**Action item:** No pictures go into the copy. Write out exactly the lines below from the one containing "有原団地1号棟外壁改修" through the one containing "Abb.45 (oben): St-Z, die".

**Provided data:**
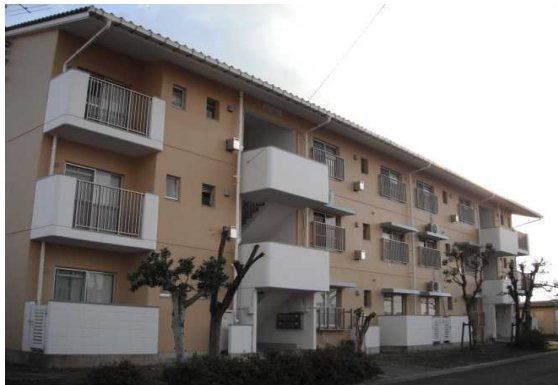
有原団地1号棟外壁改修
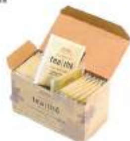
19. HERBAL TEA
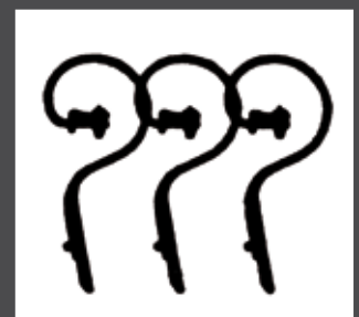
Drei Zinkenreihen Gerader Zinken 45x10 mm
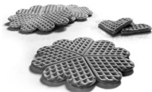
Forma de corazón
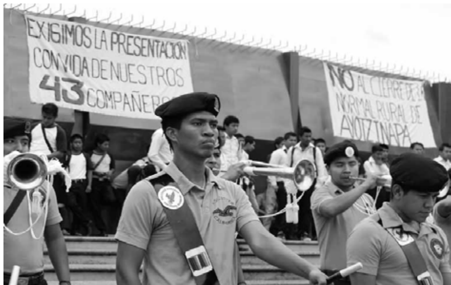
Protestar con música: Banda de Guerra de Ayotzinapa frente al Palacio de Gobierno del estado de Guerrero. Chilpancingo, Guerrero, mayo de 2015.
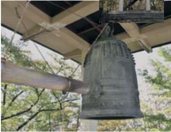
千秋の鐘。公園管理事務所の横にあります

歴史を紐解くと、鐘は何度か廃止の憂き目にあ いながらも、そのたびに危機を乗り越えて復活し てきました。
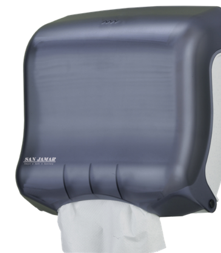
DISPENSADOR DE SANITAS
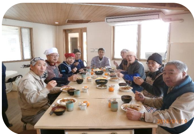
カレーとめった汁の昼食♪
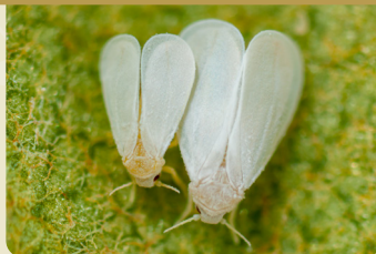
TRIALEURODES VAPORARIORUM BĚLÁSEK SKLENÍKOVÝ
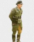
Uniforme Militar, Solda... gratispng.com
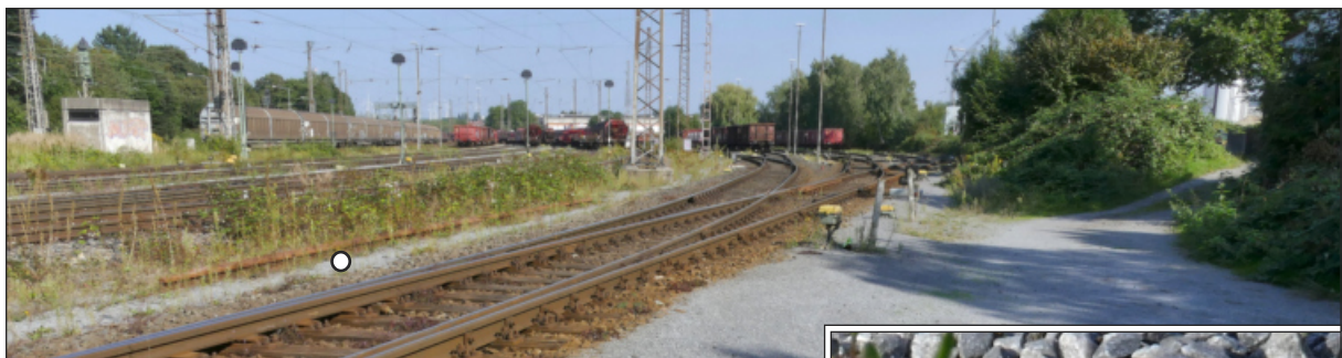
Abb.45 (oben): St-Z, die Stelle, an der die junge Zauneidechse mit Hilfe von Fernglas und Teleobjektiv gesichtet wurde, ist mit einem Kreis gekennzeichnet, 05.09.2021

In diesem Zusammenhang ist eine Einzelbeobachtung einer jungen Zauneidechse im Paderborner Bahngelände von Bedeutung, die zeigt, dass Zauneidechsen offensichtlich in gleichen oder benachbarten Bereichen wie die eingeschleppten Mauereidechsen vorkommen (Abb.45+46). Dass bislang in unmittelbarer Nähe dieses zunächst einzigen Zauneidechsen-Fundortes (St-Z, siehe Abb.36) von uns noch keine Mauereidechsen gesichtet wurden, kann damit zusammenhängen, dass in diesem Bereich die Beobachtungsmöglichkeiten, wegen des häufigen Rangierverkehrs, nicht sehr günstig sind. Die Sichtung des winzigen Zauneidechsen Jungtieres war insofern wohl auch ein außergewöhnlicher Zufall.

...

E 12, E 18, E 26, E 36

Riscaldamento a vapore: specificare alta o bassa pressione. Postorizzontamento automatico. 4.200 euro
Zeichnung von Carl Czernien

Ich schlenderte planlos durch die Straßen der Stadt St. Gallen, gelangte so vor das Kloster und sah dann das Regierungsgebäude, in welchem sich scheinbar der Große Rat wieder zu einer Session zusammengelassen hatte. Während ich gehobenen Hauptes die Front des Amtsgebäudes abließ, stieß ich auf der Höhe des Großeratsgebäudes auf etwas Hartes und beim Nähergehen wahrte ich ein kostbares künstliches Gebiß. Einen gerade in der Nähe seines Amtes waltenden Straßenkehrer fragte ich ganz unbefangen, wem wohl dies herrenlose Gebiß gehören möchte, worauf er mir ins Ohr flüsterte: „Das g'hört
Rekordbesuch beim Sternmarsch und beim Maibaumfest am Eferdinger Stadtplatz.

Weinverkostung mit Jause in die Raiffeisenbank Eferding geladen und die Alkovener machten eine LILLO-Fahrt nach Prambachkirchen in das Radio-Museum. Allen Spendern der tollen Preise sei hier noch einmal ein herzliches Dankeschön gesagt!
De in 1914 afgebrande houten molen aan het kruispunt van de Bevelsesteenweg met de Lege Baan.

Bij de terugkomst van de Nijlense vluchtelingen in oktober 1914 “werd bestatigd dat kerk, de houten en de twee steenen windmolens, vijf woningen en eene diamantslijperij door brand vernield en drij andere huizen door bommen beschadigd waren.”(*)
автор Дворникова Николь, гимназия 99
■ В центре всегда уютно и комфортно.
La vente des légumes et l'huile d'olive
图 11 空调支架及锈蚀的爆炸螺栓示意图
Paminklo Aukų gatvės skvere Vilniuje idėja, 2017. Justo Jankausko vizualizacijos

---

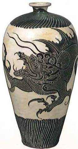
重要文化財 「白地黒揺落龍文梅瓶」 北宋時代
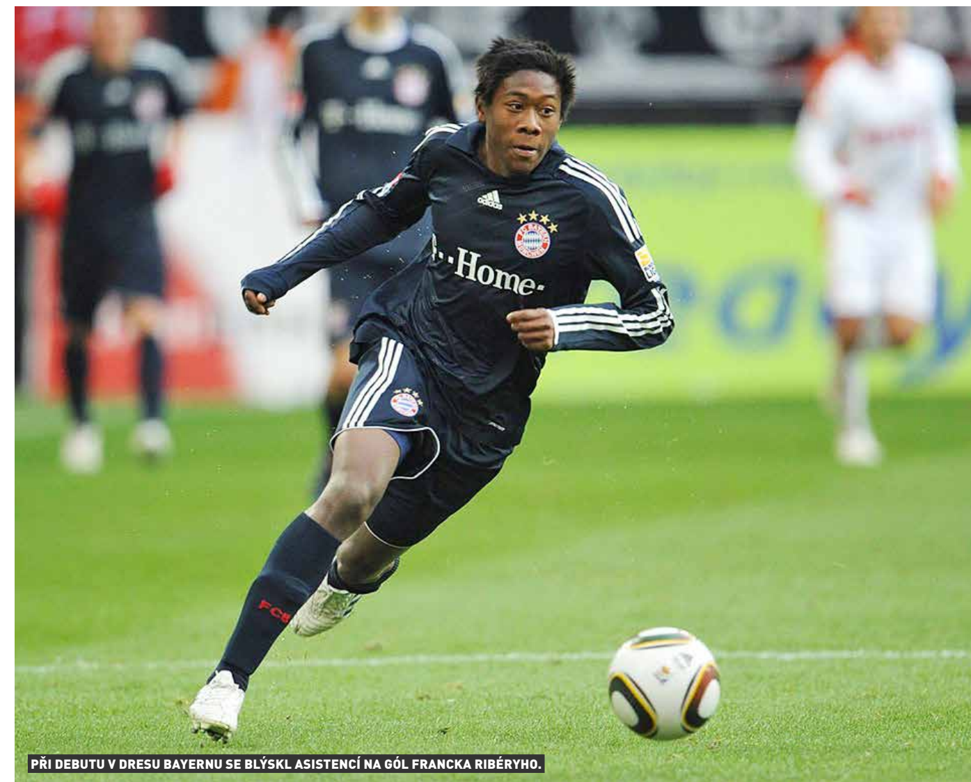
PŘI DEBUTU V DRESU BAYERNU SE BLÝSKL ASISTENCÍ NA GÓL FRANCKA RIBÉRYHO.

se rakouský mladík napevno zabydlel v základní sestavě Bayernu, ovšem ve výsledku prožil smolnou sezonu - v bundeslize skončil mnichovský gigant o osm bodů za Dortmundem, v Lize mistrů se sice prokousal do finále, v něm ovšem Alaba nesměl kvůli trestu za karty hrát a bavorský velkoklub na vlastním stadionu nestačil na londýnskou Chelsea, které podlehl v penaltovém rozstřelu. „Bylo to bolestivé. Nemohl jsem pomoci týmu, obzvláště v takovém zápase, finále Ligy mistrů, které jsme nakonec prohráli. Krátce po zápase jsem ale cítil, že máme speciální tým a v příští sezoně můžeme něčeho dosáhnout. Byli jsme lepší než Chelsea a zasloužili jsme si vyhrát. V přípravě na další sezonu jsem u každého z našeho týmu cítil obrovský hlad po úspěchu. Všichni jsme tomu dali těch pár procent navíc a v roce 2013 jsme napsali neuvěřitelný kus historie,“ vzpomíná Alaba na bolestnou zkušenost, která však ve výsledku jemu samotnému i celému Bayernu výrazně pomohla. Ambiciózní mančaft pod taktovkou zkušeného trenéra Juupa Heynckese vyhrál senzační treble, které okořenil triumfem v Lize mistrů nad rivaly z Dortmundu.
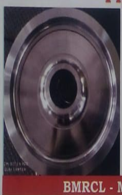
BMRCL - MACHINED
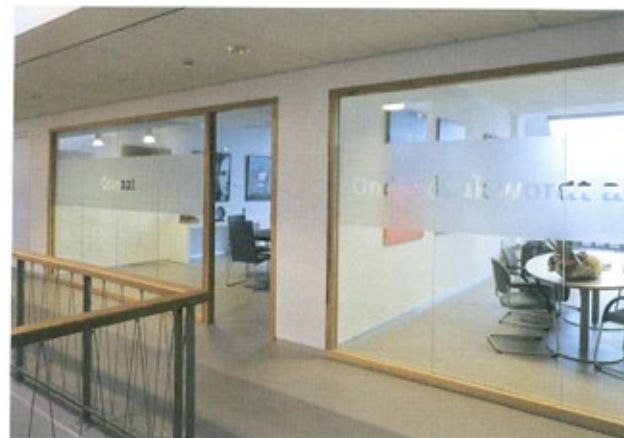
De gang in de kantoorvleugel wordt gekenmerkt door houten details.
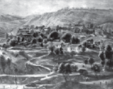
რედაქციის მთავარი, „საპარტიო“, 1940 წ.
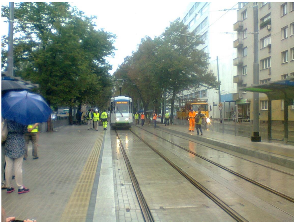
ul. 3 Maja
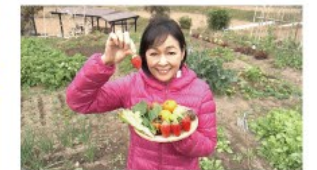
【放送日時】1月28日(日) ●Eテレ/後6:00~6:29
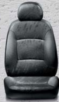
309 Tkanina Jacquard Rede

**Your response:**
有原団地1号棟外壁改修
19. HERBAL TEA
Drei Zinkenreihen Gerader Zinken 45x10 mm
Forma de corazón
Protestar con música: Banda de Guerra de Ayotzinapa frente al Palacio de Gobierno del estado de Guerrero. Chilpancingo, Guerrero, mayo de 2015.
千秋の鐘。公園管理事務所の横にあります

歴史を紐解くと、鐘は何度か廃止の憂き目にあ いながらも、そのたびに危機を乗り越えて復活し てきました。
DISPENSADOR DE SANITAS
カレーとめった汁の昼食♪
TRIALEURODES VAPORARIORUM BĚLÁSEK SKLENÍKOVÝ
Uniforme Militar, Solda... gratispng.com
Abb.45 (oben): St-Z, die Stelle, an der die junge Zauneidechse mit Hilfe von Fernglas und Teleobjektiv gesichtet wurde, ist mit einem Kreis gekennzeichnet, 05.09.2021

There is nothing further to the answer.